物価目標達成次第で長期金利の誘導目標が変化?

二つ目は、グローバルな景気・マーケット動向が安定化し、日本も物価目標達成へのパスがしっかりしてきたことが確認されれば、2%超の物価に到達前に、日銀は長期金利の誘導目標を引き上げる可能性があるとみていることだ。

グローバルな景気・マーケット動向の回復がしっかりとしたものとなり、FEDの利上げが2018年も続けば、インフレ期待の上昇もともない、グローバルに金利水準の上方修正の動きは続くだろう。日本でも、失業率が2%台に突入し、総賃金の拡大が内需を強くする動きが意識されれば、日本の長期金利のフェアバリューは0.25%程度から0.5%程度に上昇する可能性がある。長期金利を0%程度に誘導するため、日銀は国債買いオペを年90兆円程度から更に増加させる必要が出てくるかもしれない。

しかし、財政赤字が縮小し、新規国債発行も減少する中で、それだけの買いオペのペースを続けることは困難となり、量の限界が切実な問題となる可能性がある。そうなった場合、まだ2%超の物価目標は達成していないが、日銀は長期金利の誘導目標を0%程度から引き上げ、量の拡大を回避するだろう。
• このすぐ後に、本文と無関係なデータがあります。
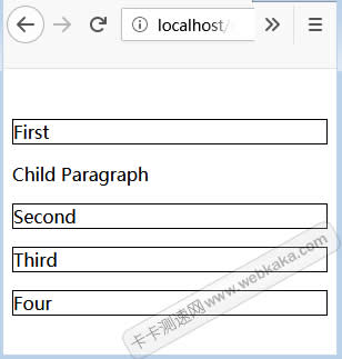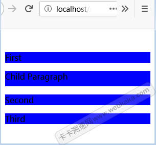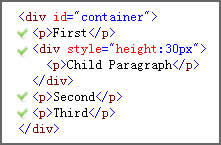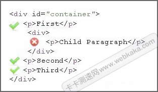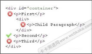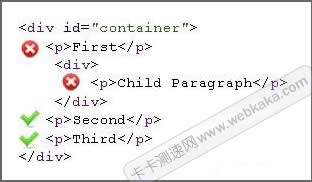 它針對的P元素是div容器的直接子元素,不能是子div的子元素。

ただ、長期金利のフェアバリューを誘導目標が下回り続けることにより、引き続き景気刺激効果があると説明することになろう。物価目標到達まで日銀がコミットメントしているのはマネタリーベースの拡大だけであり、長期金利の誘導目標はフレキシブルな対応が可能となっている。

長期金利の誘導目標が引き上げられる可能性があるほどに日本のファンダメンタルズが回復すれば、0-10年のイールドカーブもスティープ化することになり、金融機関の収益への下押しが大きく軽減されることになる。

日銀の政策による収益の圧迫への懸念で出遅れている金融機関の株価が上昇するとともに、金融機関の活動も活発化し、企業の活動を後押ししていくシナリオへ進んでいくと考えられる。そして、企業貯蓄率が、デレバレッジとリストラの継続によるプラスの異常な水準から、正常なマイナスに戻り、過剰貯蓄が総需要を破壊する力が一掃されれば、デフレ完全脱却となる。